- _Materials provided_
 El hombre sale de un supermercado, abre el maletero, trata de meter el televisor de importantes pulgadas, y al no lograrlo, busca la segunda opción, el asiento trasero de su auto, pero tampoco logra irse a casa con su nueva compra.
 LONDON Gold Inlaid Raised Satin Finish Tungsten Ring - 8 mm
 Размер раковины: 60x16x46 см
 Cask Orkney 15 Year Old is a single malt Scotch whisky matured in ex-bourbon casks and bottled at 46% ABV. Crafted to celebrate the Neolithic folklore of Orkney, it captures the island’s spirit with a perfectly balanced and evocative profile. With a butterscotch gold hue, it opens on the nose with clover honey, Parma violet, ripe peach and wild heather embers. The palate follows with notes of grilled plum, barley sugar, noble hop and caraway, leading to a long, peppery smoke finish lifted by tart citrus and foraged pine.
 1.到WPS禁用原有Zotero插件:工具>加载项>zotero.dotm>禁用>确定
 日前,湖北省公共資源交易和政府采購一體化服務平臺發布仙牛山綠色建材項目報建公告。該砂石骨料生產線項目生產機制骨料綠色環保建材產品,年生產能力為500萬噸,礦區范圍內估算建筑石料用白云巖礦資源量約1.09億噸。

==

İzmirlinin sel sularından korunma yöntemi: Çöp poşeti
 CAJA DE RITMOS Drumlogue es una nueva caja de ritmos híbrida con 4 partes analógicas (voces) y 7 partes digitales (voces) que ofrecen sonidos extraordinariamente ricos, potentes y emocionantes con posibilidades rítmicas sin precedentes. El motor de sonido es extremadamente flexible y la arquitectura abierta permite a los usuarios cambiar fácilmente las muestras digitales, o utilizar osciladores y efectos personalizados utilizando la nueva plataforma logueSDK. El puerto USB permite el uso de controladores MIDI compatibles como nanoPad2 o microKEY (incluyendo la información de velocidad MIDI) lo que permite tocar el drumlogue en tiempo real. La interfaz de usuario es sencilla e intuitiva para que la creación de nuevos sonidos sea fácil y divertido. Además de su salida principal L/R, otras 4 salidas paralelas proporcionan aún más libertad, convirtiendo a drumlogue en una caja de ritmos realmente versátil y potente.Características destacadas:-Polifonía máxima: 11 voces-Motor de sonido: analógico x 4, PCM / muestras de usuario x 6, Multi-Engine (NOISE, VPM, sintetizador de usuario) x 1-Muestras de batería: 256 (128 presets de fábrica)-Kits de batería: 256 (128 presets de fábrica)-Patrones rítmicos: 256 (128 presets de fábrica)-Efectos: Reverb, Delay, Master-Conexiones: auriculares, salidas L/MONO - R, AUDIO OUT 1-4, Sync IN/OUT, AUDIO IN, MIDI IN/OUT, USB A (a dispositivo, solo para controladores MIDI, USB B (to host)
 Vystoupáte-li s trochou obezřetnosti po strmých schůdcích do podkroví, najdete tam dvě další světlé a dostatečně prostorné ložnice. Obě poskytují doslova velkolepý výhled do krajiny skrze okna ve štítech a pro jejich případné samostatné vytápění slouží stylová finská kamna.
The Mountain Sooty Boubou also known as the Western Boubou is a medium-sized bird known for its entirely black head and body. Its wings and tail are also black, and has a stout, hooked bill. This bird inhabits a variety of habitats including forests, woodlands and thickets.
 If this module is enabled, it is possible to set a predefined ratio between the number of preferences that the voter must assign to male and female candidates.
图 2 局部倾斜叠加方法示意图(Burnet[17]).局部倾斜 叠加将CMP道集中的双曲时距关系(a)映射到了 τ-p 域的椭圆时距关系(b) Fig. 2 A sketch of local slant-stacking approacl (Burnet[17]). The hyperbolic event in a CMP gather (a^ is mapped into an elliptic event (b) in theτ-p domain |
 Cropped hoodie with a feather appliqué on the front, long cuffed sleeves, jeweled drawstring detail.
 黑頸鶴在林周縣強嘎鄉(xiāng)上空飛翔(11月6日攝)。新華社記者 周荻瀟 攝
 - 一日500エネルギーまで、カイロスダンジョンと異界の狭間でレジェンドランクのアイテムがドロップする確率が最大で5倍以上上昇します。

---

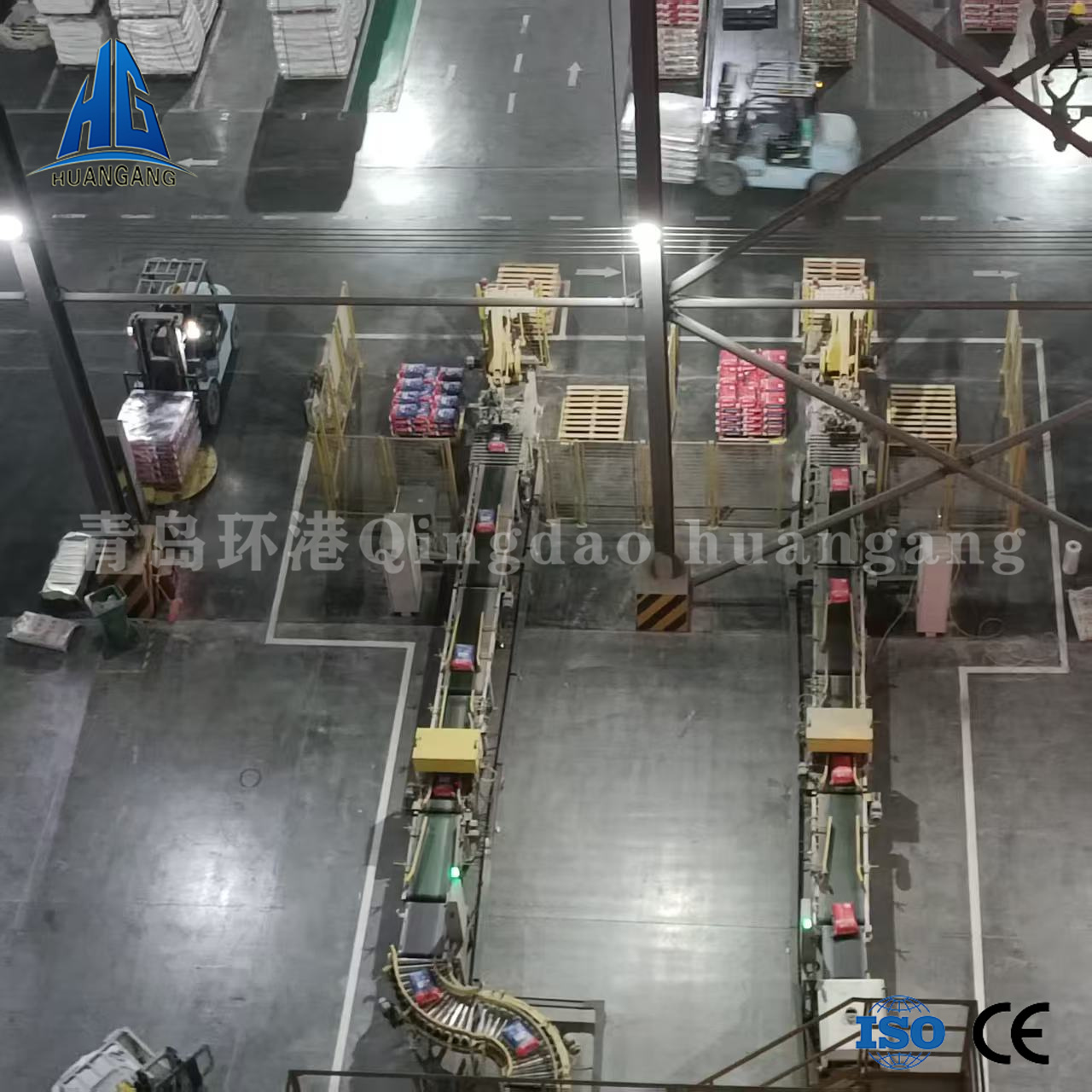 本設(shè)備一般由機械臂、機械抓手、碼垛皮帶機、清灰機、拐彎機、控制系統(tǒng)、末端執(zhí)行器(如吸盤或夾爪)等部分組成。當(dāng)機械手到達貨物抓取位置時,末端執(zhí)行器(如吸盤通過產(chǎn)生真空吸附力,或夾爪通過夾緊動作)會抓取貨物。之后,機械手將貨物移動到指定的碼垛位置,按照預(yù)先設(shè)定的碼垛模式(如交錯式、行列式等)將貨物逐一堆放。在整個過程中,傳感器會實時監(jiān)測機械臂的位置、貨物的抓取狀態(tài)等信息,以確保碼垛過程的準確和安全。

- _Problem details_
Of the entries above, repeat exactly the lines between the line with "El hombre sale" and the line with "日前,湖北省公共資源交易和政", inclusive, and no others.

- _Answer for this exercise_
 El hombre sale de un supermercado, abre el maletero, trata de meter el televisor de importantes pulgadas, y al no lograrlo, busca la segunda opción, el asiento trasero de su auto, pero tampoco logra irse a casa con su nueva compra.
 LONDON Gold Inlaid Raised Satin Finish Tungsten Ring - 8 mm
 Размер раковины: 60x16x46 см
 Cask Orkney 15 Year Old is a single malt Scotch whisky matured in ex-bourbon casks and bottled at 46% ABV. Crafted to celebrate the Neolithic folklore of Orkney, it captures the island’s spirit with a perfectly balanced and evocative profile. With a butterscotch gold hue, it opens on the nose with clover honey, Parma violet, ripe peach and wild heather embers. The palate follows with notes of grilled plum, barley sugar, noble hop and caraway, leading to a long, peppery smoke finish lifted by tart citrus and foraged pine.
 1.到WPS禁用原有Zotero插件:工具>加载项>zotero.dotm>禁用>确定
 日前,湖北省公共資源交易和政府采購一體化服務平臺發布仙牛山綠色建材項目報建公告。該砂石骨料生產線項目生產機制骨料綠色環保建材產品,年生產能力為500萬噸,礦區范圍內估算建筑石料用白云巖礦資源量約1.09億噸。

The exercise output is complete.